| Task prompt |
Write the listing out again word for word, excluding any pictures.

———

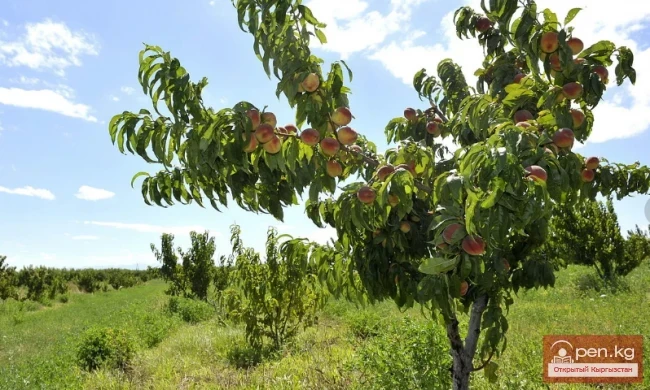 Персик обыкновенный, по-киргизски шабдалы, из семейства Розоцветных. Дерево до 3 м высоты с удлиненно-ланцетными листьями и розовыми цветками. Цветет в марте и апреле. Дает нектар и пыльцу. Растет в Чуйской долине, Таласе, Фергане. Медопродуктивность — до 30 кг с га.
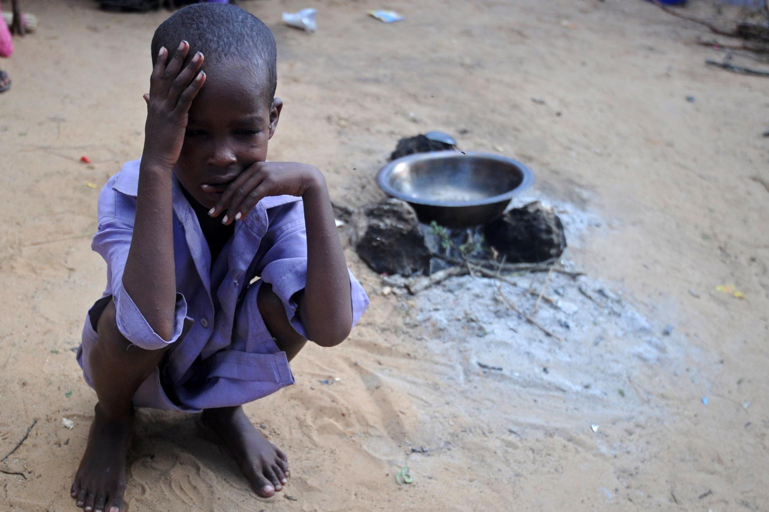 A displaced Somali child sitting at a makeshift camp in the Garasbaley area on the outskirts of the capital Mogadishu on May 24, 2017.
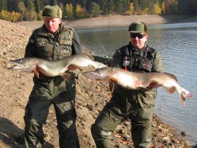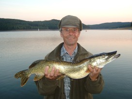 Im Hauptbecken beim Schleppen mit Wobbler vereinzelt Hechte bis 111cm (8,5kg)
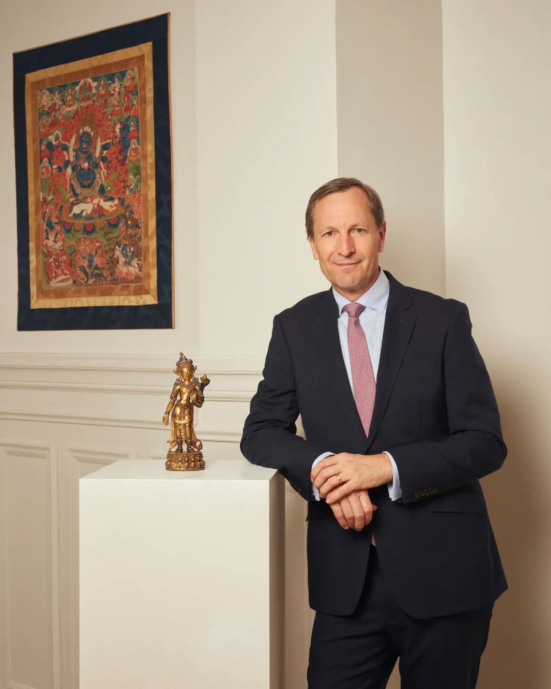 邦瀚斯印度、喜马拉雅及东南亚艺术全球主管Edward Wilkinson忆述他首次受邀参观其地下储藏室的情境:“一道朴实无华的门打开,露出简单的金属层架及大型木台。然而,当光线洒落架上,瞬间光辉灿然,令我无比震撼。数以百计、无与伦比的西藏、尼泊尔及印度造像静静立在那里数年。”
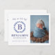 Moderno y simple monograma / bebé azul correa anuncios de nacimiento!
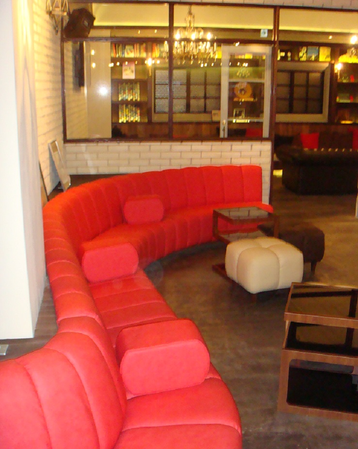 男性が2人居るので、片方に「マークさん?」と声をかけます。すると、その方がマークさんでした。で、しばらく2人でソファーでおしゃべり。
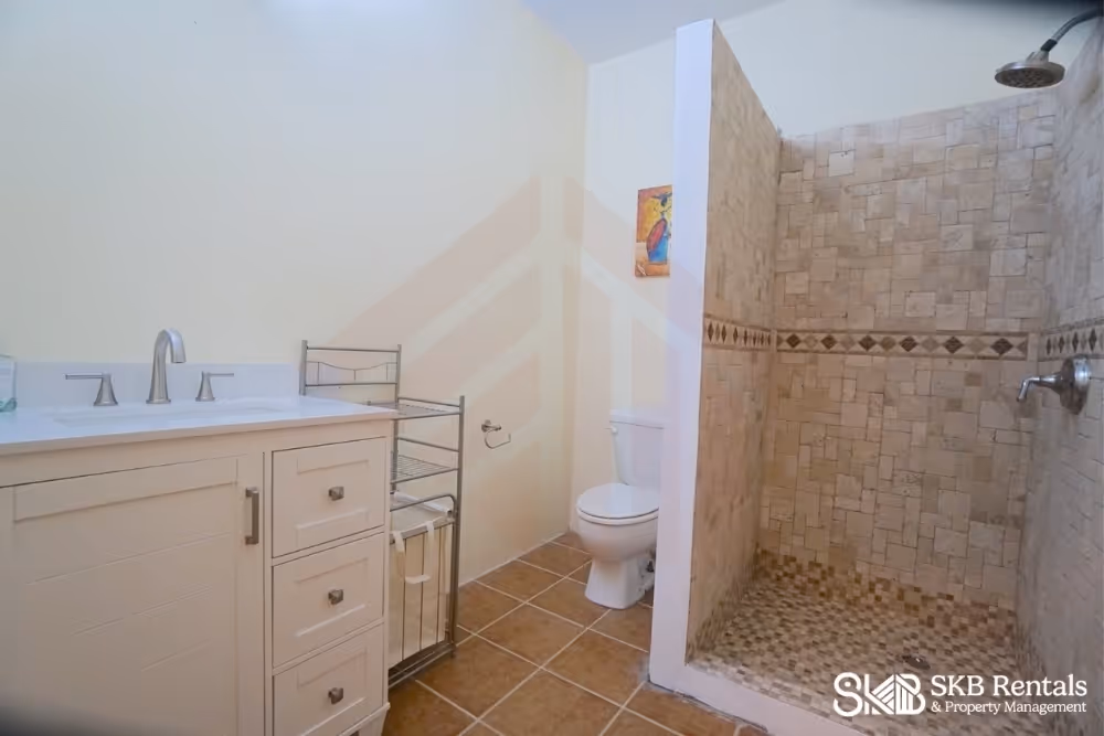 The shared bathroom is opposite the bedrooms and accessed via the laundry area with washer and dryer. The updated bathroom offers a shower and vanity.

———

| Result of this task |
 Персик обыкновенный, по-киргизски шабдалы, из семейства Розоцветных. Дерево до 3 м высоты с удлиненно-ланцетными листьями и розовыми цветками. Цветет в марте и апреле. Дает нектар и пыльцу. Растет в Чуйской долине, Таласе, Фергане. Медопродуктивность — до 30 кг с га.
 A displaced Somali child sitting at a makeshift camp in the Garasbaley area on the outskirts of the capital Mogadishu on May 24, 2017.
 Im Hauptbecken beim Schleppen mit Wobbler vereinzelt Hechte bis 111cm (8,5kg)
 邦瀚斯印度、喜马拉雅及东南亚艺术全球主管Edward Wilkinson忆述他首次受邀参观其地下储藏室的情境:“一道朴实无华的门打开,露出简单的金属层架及大型木台。然而,当光线洒落架上,瞬间光辉灿然,令我无比震撼。数以百计、无与伦比的西藏、尼泊尔及印度造像静静立在那里数年。”
 Moderno y simple monograma / bebé azul correa anuncios de nacimiento!
 男性が2人居るので、片方に「マークさん?」と声をかけます。すると、その方がマークさんでした。で、しばらく2人でソファーでおしゃべり。
 The shared bathroom is opposite the bedrooms and accessed via the laundry area with washer and dryer. The updated bathroom offers a shower and vanity.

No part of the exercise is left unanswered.